Yes, but Is Google Your Best Friend?
I was having a very interesting conversation with someone in our Marketing Department about the cadence of marketing and the over-abundance of technical content that exists today. This got me thinking that I need to take a closer look at how the consumers of the content I am tasked with creating find said content. There’s the way I might go about in my search, but perhaps people in different roles go abut it in a different way. I’d like to share the path I’d take, discuss a few others and get your help.
For those of you that don’t know, a lot of my energy is around PagerDuty and the relationships we have with various partners. For example, I try to put myself in the shoes of someone that might need to find out details on an integration. Just as Sales has different phases, the first two of the five apply here – Awareness and Consideration. I want to address the second phase first since to me I think it applies to a larger percentage of the possible audience out there. (If you disagree, let me know!)

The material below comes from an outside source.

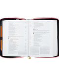 Inside the pink scalloped cover, you will find two pockets to securely hold your Bible's front and back covers and two pen loops. This Bible cover is available in two sizes: medium and large. Please refer to the last image in the image carousel on the left for the Bible Cover Sizing Chart before you make a selection.
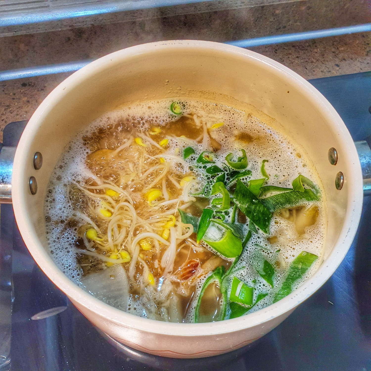 국물이 한소끔 끓어오르면, 무가 완전히 익었는지 확인합니다. 무가 익었으면 남은 쌀뜨물을 모두 붓고 다시 한번 센 불에서 끓여줍니다. 국물이 팔팔 끓어오르면 씻어둔 콩나물을 넣고, 뚜껑을 덮지 않은 상태에서 다시 한번 끓여줍니다. 콩나물이 익으면서 시원한 맛을 더해 줄 거예요. (Tip: 콩나물을 넣은 후에는 뚜껑을 닫지 않아야 비린내가 나지 않고 아삭한 식감을 살릴 수 있습니다.)

So on the “Consideration” phase, let’s say you already use either PagerDuty or AppDynamics and you are thinking of implementing the other solution but want to know how well they integrate, or work, together. Here’s where I’d love to know your methodology. For me – I’d go to Google and search for either “pagerduty appdynamics” or perhaps “pagerduty appdynamics integration” – but that is only because “integrations” is a lot of what I am involved with. And there are the perils that Google will autosuggest something like “pagerduty vs appdynamics” – but both are very different solutions with very different business value. (Personally I can’t fathom not running both a system for instant notification like PagerDuty along with a true APM solution if I’ve got more than a simple application delivery chain to keep running optimally. But that is content for another post some day.)
Or do you start with the site of one solution and search for the other? Scroll through the 52 results on the AppDynamics search results? PagerDuty’s search is AJAX and unfortunately I can’t share the link here, but below is a modified screenshot to give you a feel – you could bounce around the knowledge base, community or go to the integration page. Please don’t take this as a judgement of either site – I am only following the path of my initial example. The goal is just to discuss different options for how someone might search for the answers they need. Hopefully you can share with me how you’d go about it if it is different than what I discuss here.
There are so many other ways. Would you search on YouTube? Perhaps open a support ticket and ask? This last one isn’t something I’d think to do, but based on my time monitoring ticket queues I could see some folks going that route. On that tangent – the great firms see Support as a market growth tool, not a cost center. If you are a PagerDuty or Fastly customer you know how different that experience is when you deal with a firm that doesn’t cut corners on support. But is there a path that would be your first impulse that I am missing here?
I also mentioned the Awareness phase. How do you start the search if you aren’t even aware that an integration is even possible? This is another spot where my experiences have caused bias in my thoughts. Having spent years in the APM space, as well as years using PagerDuty to me it seems obvious that you’d want to integrate both solutions for many reasons.
Primarily to get the actionable information to the person that can do something about it in real time. And of course many APM systems can be quite noisy, so any reduction there is so critical. (To be clear NOT at all a statement about AppD – purely about the APM space in general. All of the top APM solutions can be configured to reduce noise.) But again – to me I see the integration of applications the only way to scale, be more effective, cut costs and drive more revenue.
But if you aren’t aware that PagerDuty could integrate with one of your other solutions – or visa-versa, what sources might cause you to stumble upon it? Are the articles on LinkedIn, Medium or some other platform how you discover ways to do things you had never considered? Or do you have to depend on consultants, system integrators or sales engineers to point out the tricks and implementation schemes that are out there?
I know that my view point is heavily skewed by my past roles and I am really curious how people in other roles with other paths might find out about these sorts of things. If I touched on how you’d do it, or perhaps totally missed what to you seems obvious, I’d love your help. Please tell me – am I on the right track that Google is your first choice here, or have I missed some good avenues to get the information about integrations to the right people?